_YOUR TASK_: Somewhere below, one line contains "蒙古族草原法的文化阐释(关于蒙古族草原法的文化阐释部分内容简述)" and a later line contains "Nukhim Berman est". Output those two lines and everything between them exactly, and nothing else.

_DATA SUPPLIED_:
┌────────
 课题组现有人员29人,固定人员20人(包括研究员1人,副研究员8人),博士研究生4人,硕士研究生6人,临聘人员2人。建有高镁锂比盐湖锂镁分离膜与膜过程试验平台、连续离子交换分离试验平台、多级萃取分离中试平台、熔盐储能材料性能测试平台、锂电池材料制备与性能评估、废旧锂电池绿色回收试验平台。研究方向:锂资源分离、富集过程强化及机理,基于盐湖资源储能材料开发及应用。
└────────
┌────────
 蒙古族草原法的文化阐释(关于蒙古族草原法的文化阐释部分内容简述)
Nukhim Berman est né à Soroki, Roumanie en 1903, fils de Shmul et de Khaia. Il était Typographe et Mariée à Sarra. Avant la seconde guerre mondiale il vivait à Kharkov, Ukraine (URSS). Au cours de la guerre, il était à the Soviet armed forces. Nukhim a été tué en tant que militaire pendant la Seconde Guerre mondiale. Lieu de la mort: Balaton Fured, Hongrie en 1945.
└────────
_ANSWER FOR THIS EXERCISE_:
 蒙古族草原法的文化阐释(关于蒙古族草原法的文化阐释部分内容简述)
Nukhim Berman est né à Soroki, Roumanie en 1903, fils de Shmul et de Khaia. Il était Typographe et Mariée à Sarra. Avant la seconde guerre mondiale il vivait à Kharkov, Ukraine (URSS). Au cours de la guerre, il était à the Soviet armed forces. Nukhim a été tué en tant que militaire pendant la Seconde Guerre mondiale. Lieu de la mort: Balaton Fured, Hongrie en 1945.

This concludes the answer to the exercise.